Denton Cockburn wrote:
> Jérôme M. Berger Wrote:
> 
>> -----BEGIN PGP SIGNED MESSAGE-----
>> Hash: SHA1
>>
>> Denton Cockburn wrote:
>>> On Sat, 26 Jan 2008 18:36:41 +0000, BCS wrote:
>>>
>>>> Reply to Denton,
>>>>
>>>>> [quoted text muted]
>>>> rounding error?
>>>>
>>>> rounding 0.6584 (base 10) to real and then converting to double may round different than rounding it directly to double.
>>> I can't think of a reason that would be acceptable.
>>> This means I can't reliably do operations with converted reals/doubles :(
>>>
>>> This is also weird:
>>> double a = 0.65;
>>> real b = a + 0.1;
>> 	Here, you're computing "a + 0.1" using double, then converting it
>> to real
>>
>>> b -= 0.1;
>>> assert(b == a); // fails
>>>
>>> real c = a;
>>> c += 0.1;
>> 	Here, you converted a to real, then you add 0.1 using real.
>>
>>> c -= 0.1;
>>> assert(c == a); // passes
>> 	Which could explain that rounding errors wind up different and make
>> one assertion pass while the other fails.
>>
>> 		Jerome
>> - --
>> +------------------------- Jerome M. BERGER ---------------------+
>> |    mailto:jeberger@free.fr      | ICQ:    238062172            |
>> |    http://jeberger.free.fr/     | Jabber: jeberger@jabber.fr   |
>> +---------------------------------+------------------------------+
>> -----BEGIN PGP SIGNATURE-----
>> Version: GnuPG v1.4.7 (GNU/Linux)
>>
>> iD8DBQFHm4y1d0kWM4JG3k8RAgfQAKC3LwsQfklEVT+cP2w3HrR/xtK6JACfdPr9
>> PQIwRTbf2zyhpst9zdeZn9s=
>> =RA4Q
>> -----END PGP SIGNATURE-----
> 
> The problem I'm having is that we are comparing the same numerical value for equality, and getting a (logically) false result.

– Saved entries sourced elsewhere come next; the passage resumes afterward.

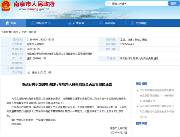 为切实增强电动自行车驾乘人员交通安全意识,降低道路交通事故损害后果,南京市将进一步加强电动自行车驾乘人员佩戴安全头盔管理。日前,我们从南京市人民政府网站获悉,7月1日起,全市行政区域内,电动自行车驾乘人员必须佩戴安全头盔。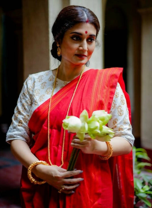 Mon Niye Begumpuri Cotton Red Saree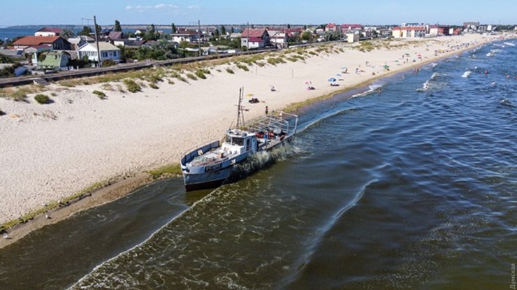 В Затоке на пляж выбросило рыболовецкое судно: возле корабля пахнет соляркой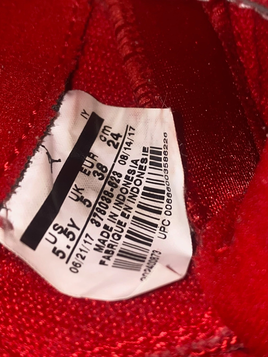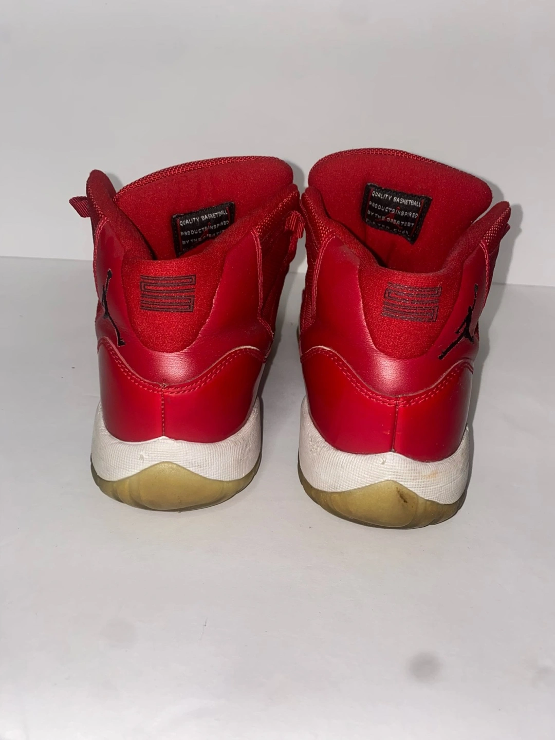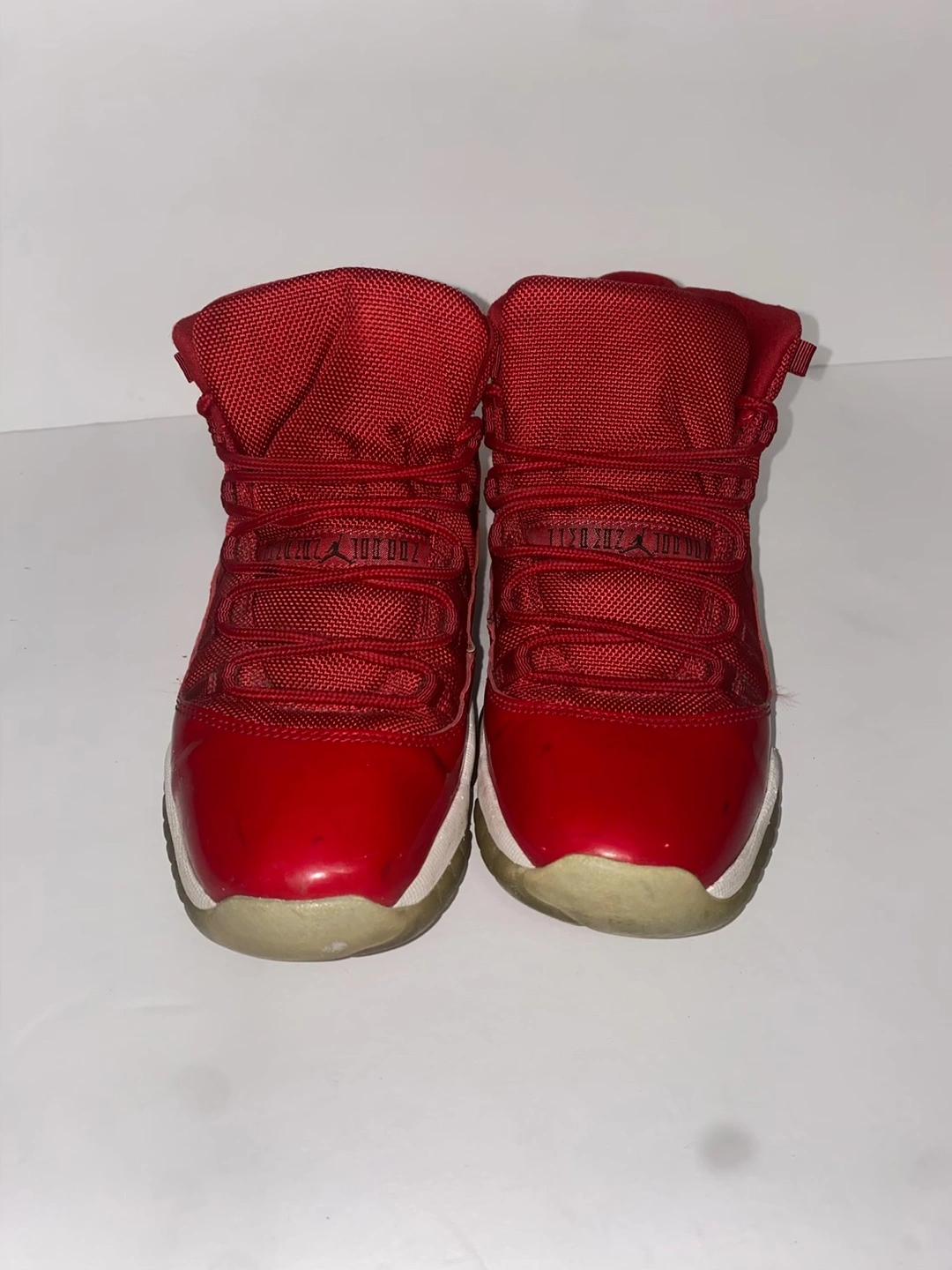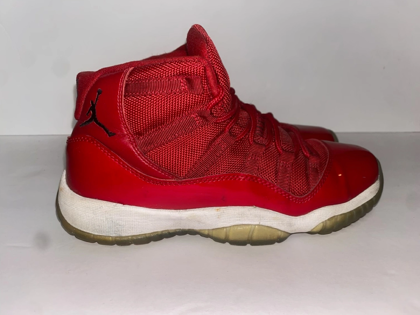 Girls' Grade School size 5.5Y Air Jordan 11 Retro in Gym Red. Red patent leather and mesh upper. White midsole and translucent outsole. Made in Indonesia.

One tenth is not exactly representable in floating point.  Therefore you get rounding errors the moment you try to store .1 in a float/double/real.  real can represent 1/10 a bit more accurately than double.  So .1 as a double, then cast to a real is not quite the same as .1 that started as a real.

Try .125 or 0.0625 and you'll get a good answer.  But .1 is bad news for floating point.

--bb

"Denton Cockburn" wrote
> The problem I'm having is that we are comparing the same numerical value for equality, and getting a (logically) false result.

This is inherent in floating point.  This happens in other languages as well.

The problem is that .1 is like 1/3 in decimal.  Decimal cannot accurately represent 1/3 because it is a repeating decimal (0.3333...).  Likewise, floating point, which is base-2, cannot represent all decimal values accurately.

For an in-depth explanation, see http://en.wikipedia.org/wiki/Floating_point

Skip to the section on Accuracy.

To work correctly, you should always compare floating point values by adding some small error.  So instead of:

assert(x > y)
you write

const myError = 1e-10;
assert(x + myError > y)

Equality looks something more like:

assert(fabs(x - y) < myError)

-Steve

"Steven Schveighoffer" wrote
> To work correctly, you should always compare floating point values by adding some small error.  So instead of:
>
> assert(x > y)
> you write
>
> const myError = 1e-10;
> assert(x + myError > y)

Er... this should be:

assert(x - myError > y)

-Steve